» **EXCERPTED RECORDS**
§ §

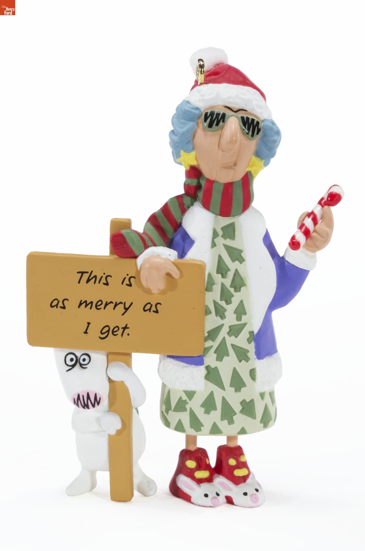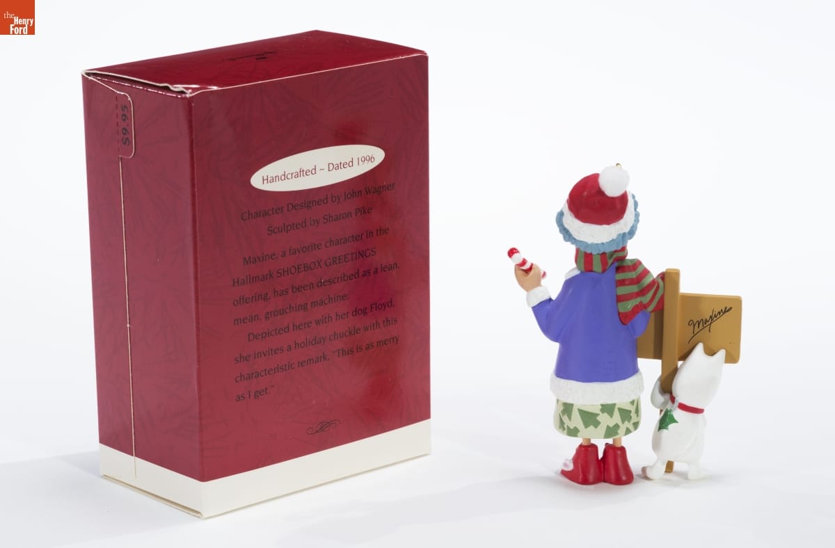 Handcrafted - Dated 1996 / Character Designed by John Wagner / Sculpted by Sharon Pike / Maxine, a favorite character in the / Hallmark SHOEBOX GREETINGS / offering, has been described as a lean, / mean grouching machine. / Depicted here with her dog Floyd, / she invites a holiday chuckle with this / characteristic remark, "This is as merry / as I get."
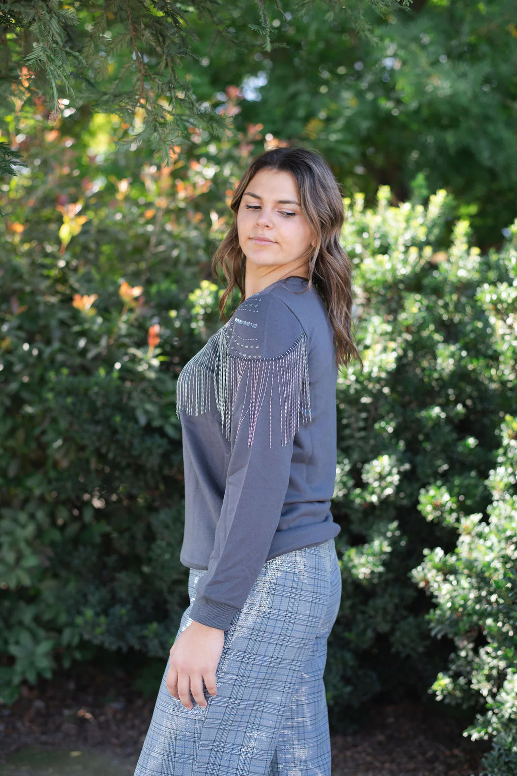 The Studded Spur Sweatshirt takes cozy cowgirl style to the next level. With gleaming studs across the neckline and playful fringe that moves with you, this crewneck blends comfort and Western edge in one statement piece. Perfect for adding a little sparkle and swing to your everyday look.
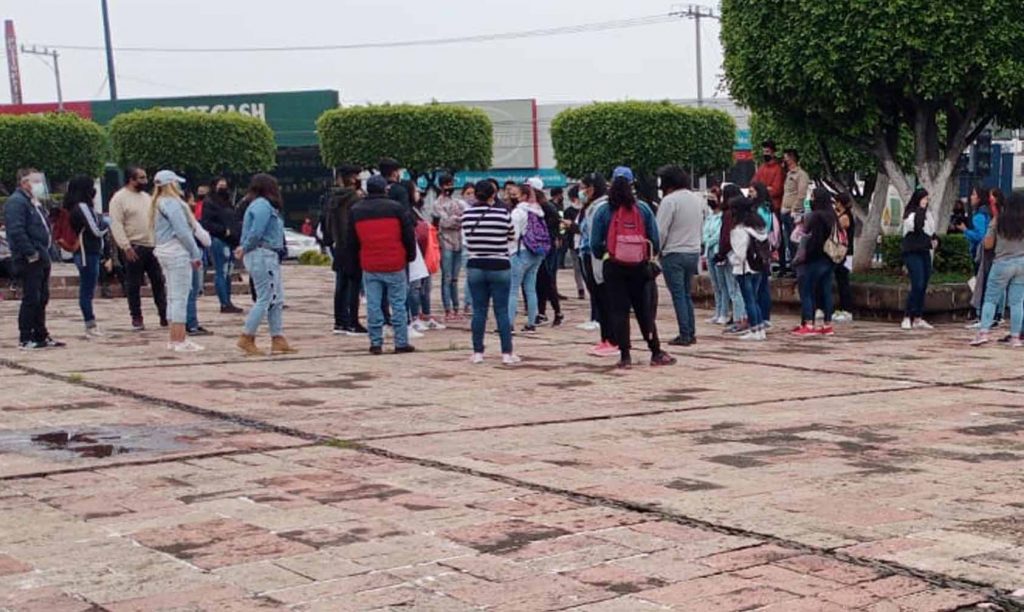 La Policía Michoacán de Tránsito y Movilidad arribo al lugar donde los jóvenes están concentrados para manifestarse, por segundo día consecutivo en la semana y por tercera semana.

§ §

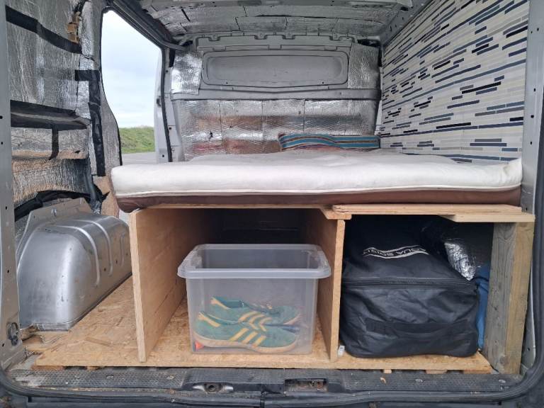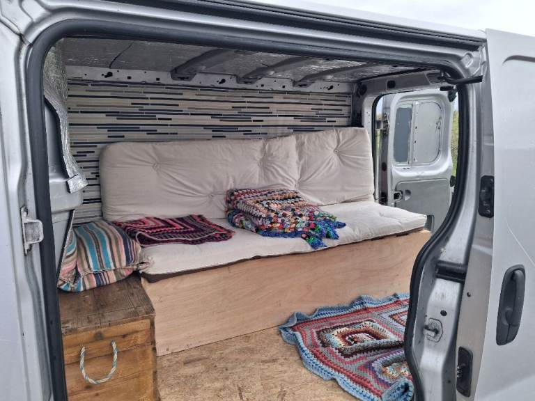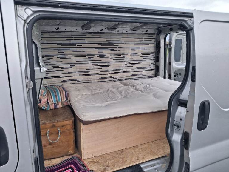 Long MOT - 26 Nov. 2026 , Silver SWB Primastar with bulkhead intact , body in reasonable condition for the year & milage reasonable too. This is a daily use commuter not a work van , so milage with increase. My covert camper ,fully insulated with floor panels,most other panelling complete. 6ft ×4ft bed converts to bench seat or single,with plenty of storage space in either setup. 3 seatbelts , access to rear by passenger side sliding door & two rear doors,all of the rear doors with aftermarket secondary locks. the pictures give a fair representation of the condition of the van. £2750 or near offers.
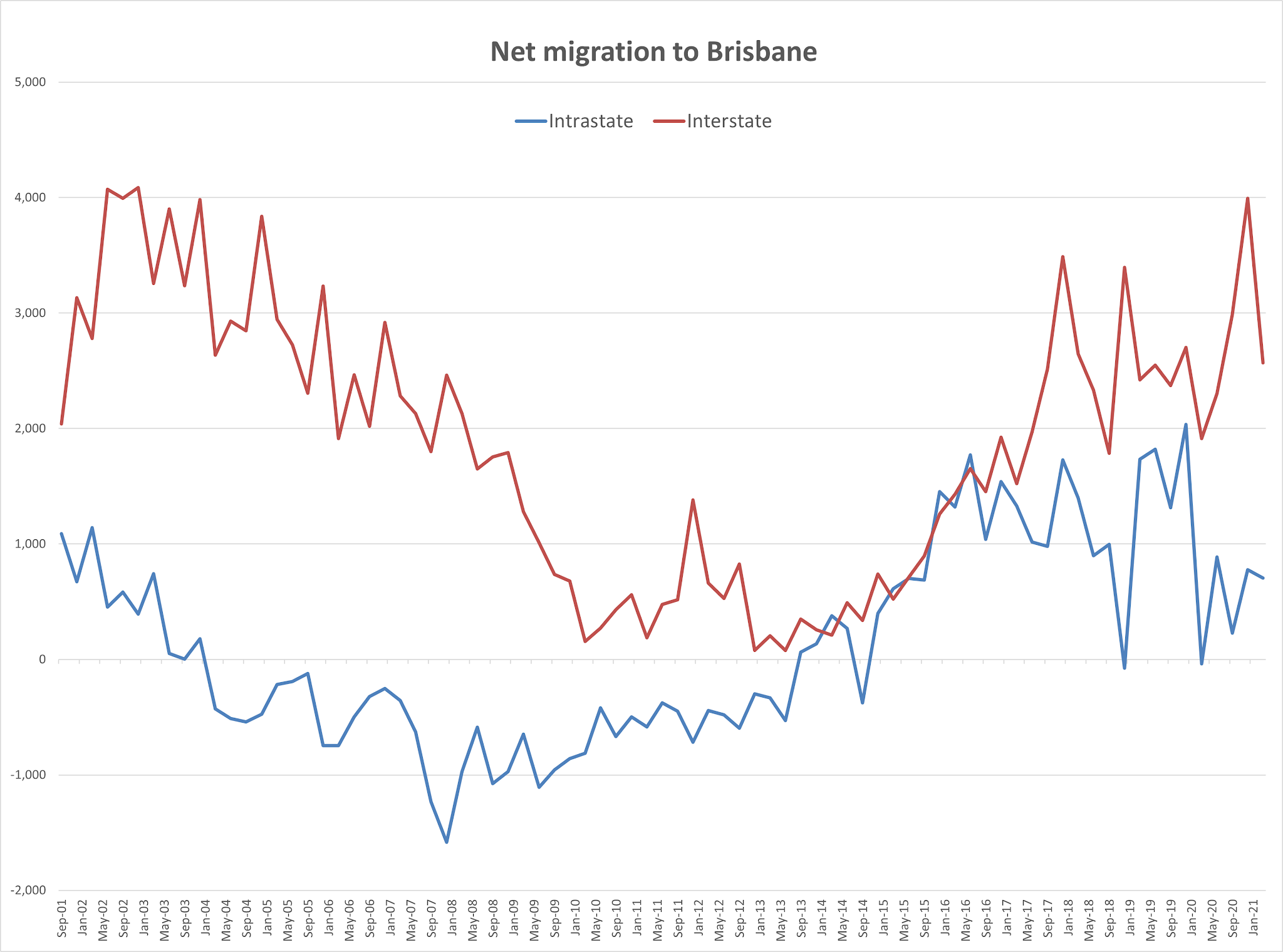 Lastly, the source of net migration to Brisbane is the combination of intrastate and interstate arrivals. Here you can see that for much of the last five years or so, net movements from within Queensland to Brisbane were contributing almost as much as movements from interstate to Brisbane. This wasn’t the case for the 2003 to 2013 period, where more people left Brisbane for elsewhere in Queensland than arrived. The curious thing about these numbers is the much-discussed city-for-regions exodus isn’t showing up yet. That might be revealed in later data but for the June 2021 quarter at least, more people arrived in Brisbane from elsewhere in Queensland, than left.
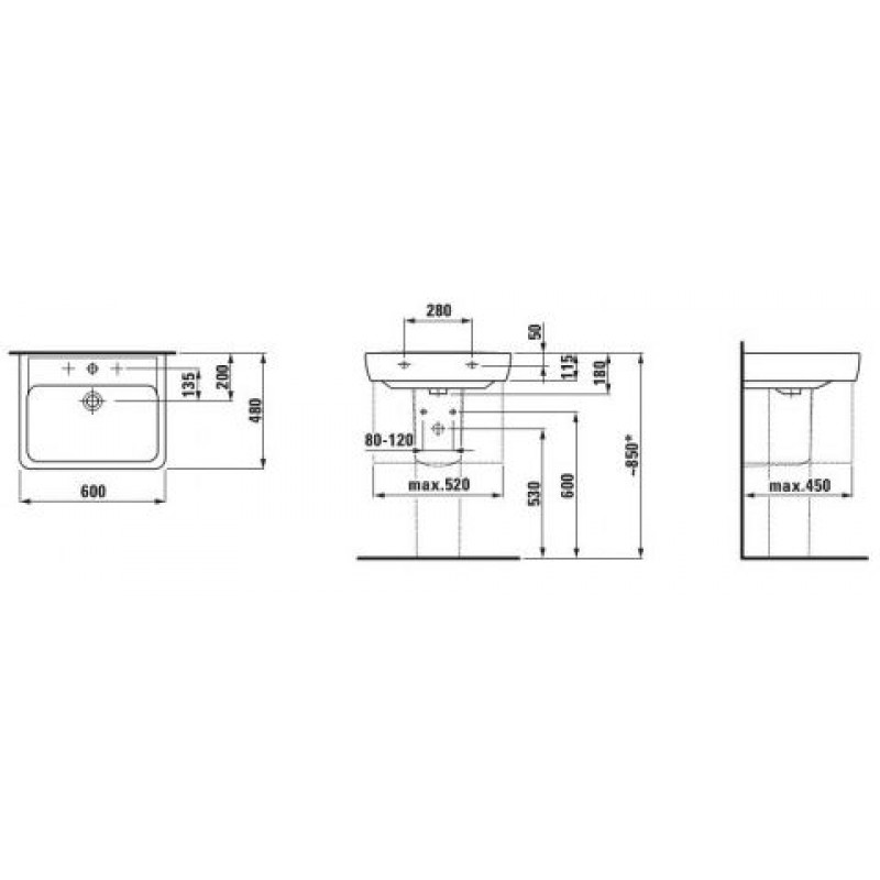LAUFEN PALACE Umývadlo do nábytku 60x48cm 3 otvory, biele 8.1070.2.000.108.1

§ §

» **TASK DESCRIPTION**
Out of the records above, return only the lines from the one with "Lastly, the source" through the one with "LAUFEN PALACE Umývadlo", exactly, and none of the pictures.

» **THE COMPLETED TASK**
 Lastly, the source of net migration to Brisbane is the combination of intrastate and interstate arrivals. Here you can see that for much of the last five years or so, net movements from within Queensland to Brisbane were contributing almost as much as movements from interstate to Brisbane. This wasn’t the case for the 2003 to 2013 period, where more people left Brisbane for elsewhere in Queensland than arrived. The curious thing about these numbers is the much-discussed city-for-regions exodus isn’t showing up yet. That might be revealed in later data but for the June 2021 quarter at least, more people arrived in Brisbane from elsewhere in Queensland, than left.
LAUFEN PALACE Umývadlo do nábytku 60x48cm 3 otvory, biele 8.1070.2.000.108.1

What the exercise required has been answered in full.